Fig. 2. Cross-modal retrieval and visual question answering.

a. Zero-shot image-to-text and text-to-image retrieval. MUSK consistently outperforms existing foundation models across different recall levels on the BookSet and PathMMU. The two-sided Wilcoxon signed-rank test is used to assess the statistical differences between MUSK and the second-best model (CONCH). Visual examples are shown in the Supplementary Fig. 4. b. Visual question answering. MUSK substantially outperforms existing foundation models in the PathVQA benchmark dataset. Notably, MUSK improved accuracy by 7% over the best performing model (K-PathVQA) specifically trained for visual question answering. Some examples of the results are shown for MUSK and PLIP model. The two-sided Mann-Whitney U test is used to evaluate statistical significance. For VQA tasks-specific models, no confidence intervals were reported in the original papers. In a-b, data in foundation models is represented as mean with 95% confidence intervals estimated using the bootstrap method (n=1,000 replicates).
Visual Question Answering
In addition to cross-modal retrieval, another common vision-language task is visual question answering (VQA), which uses the input of pathology images and accompanying textual questions to generate an answer. Existing approaches require the design of sophisticated network models specifically for this task24–27. By contrast, MUSK is a general-purpose vision-language foundation model that can perform VQA with minimal training (Figure 1b and Supplementary Fig. 3). We evaluated the performance on the PathVQA28 dataset that comprises 32,799 questions derived from 4,998 pathology images. MUSK achieved an accuracy of 73.2% (95% CI: 72.1%–74.4%), significantly outperforming other vision-language foundation models including PLIP, Quilt1M, BiomedCLIP and CONCH (Figure 2b). Remarkably, MUSK surpassed the best-performing model K-PathVQA27 specifically designed for VQA purposes (accuracy: 68.9%), highlighting the advantage of building powerful foundation models.

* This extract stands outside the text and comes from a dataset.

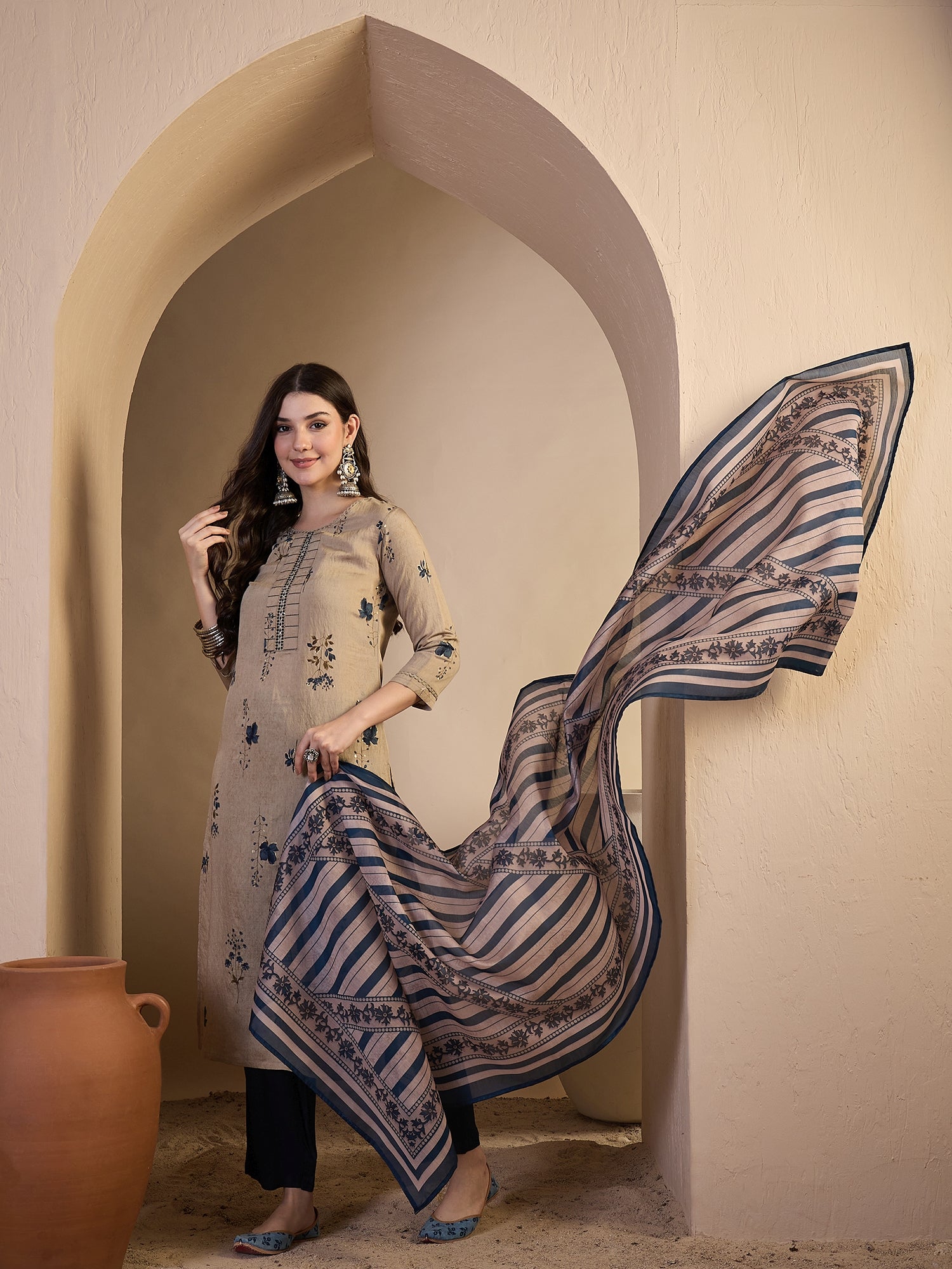 TOP: Chanderi Cotton, BOTTOM: Cotton, DUPATTA: Mul Cotton, Dry Clean

Image Retrieval and Classification
While developed as a multimodal foundation model, MUSK can also serve as a standalone image encoder. Here, we demonstrate MUSK’s vision capability across various image-based tasks, including image retrieval and classification.
We evaluated the performance of zero-shot image retrieval on the UniToPatho and BRACS datasets. In both datasets, MUSK outperformed other foundation models across all evaluation metrics (Extended Data Fig. 1a–b and Supplementary Table 3). For example, MUSK exceeds CLIP by 22.3%, PLIP by 8.6%, and CONCH by 2.5% in terms of mMV @5 (accuracy of the top 5 majority votes) on the BRACS dataset.

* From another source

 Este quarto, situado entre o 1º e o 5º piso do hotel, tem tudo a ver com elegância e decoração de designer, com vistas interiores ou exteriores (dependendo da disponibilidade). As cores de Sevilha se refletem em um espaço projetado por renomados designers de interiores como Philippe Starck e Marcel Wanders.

For image classification, we first evaluated the model’s performance for zero-shot learning on four benchmark datasets: PatchCamelyon29, SkinCancer30, PanNuke31, and UniToPatho32. Despite the challenging task of distinguishing multiple classes and the lack of any training data, MUSK still achieved promising performance for zero-shot image classification (Supplementary Table 4 and Figure 3a), surpassing the second-best model (CONCH, BiomedCLIP, or Quilt1M depending on the dataset) by 10.5%, 27.5%, 7.3%, and 10.1%, respectively.
Fig. 3. Patch-level image classification.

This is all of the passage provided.